BACKGROUND: As widely reported, propofol can effectively inhibit tumors development. However, little is known about the molecular mechanisms. Here, we proved that propofol regulated miR-340/CDK2 axis to suppress bladder cancer progression in vitro.

METHODS: MicroRNA (MiR)-340 expression in 5637 cells was examined using qRT-PCR. Cyclin-dependent kinase2 (CDK2) ex pression was detected using both qRT-PCR and western blot. The levels of apoptosis-related proteins and cell cycle-related proteins were evaluated using western blot. CCK-8 assay and BrdU assay were conducted to evaluate cell proliferation. Moreover, flow cytometry assay was employed to assess cell cycle and cell apoptosis. Finally, dual luciferase reporter assay was employed to verify the binding relationship between miR-340 and CDK2.

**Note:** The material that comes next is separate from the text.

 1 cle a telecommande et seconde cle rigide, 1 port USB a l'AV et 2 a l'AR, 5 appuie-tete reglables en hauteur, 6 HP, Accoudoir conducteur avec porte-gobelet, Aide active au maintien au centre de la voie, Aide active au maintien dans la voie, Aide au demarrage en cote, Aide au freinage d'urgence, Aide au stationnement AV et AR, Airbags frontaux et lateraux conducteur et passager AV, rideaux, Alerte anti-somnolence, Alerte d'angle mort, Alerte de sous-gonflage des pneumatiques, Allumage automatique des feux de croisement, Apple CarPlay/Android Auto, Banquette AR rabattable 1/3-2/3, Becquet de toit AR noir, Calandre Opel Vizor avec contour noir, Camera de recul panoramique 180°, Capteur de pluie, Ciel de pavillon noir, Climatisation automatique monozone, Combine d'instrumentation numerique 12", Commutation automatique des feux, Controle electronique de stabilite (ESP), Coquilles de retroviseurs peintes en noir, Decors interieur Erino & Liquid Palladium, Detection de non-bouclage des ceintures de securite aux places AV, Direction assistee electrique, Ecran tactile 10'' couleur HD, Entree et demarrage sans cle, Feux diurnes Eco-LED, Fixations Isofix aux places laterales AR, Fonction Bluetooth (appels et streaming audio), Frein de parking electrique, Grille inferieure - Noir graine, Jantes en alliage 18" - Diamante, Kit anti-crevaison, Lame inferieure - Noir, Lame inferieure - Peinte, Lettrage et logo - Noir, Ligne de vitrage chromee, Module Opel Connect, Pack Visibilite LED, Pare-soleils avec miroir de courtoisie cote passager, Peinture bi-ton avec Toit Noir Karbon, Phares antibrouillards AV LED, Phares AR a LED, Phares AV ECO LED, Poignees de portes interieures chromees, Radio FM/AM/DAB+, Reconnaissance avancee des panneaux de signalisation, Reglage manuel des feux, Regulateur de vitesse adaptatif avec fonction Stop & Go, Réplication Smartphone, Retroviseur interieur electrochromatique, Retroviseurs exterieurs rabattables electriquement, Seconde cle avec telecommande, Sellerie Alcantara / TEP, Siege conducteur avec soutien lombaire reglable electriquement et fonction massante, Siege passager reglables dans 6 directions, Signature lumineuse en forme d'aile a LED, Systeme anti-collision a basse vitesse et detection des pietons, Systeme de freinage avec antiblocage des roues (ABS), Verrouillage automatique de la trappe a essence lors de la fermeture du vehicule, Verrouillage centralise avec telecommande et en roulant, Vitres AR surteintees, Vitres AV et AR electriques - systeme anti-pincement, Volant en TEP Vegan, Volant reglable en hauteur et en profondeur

RESULTS: Here we showed that propofol treatment inhibited cell proliferation of 5637 cells but enhanced cell apoptosis. Propofol upregulated miR-340 in a dose and time dependent manner. MiR-340 inhibitor could reverse the effect of propofol on the proliferation and apoptosis of 5637 cells. Next, dual luciferase reporter assay displayed that miR-340 directly bound to the 3'-UTR of CDK2. Finally, inhibition of CDK2 could partly reversed the effect of miR-340 inhibitor on cell proliferation and cell apoptosis of propofol-treated 5637 cells.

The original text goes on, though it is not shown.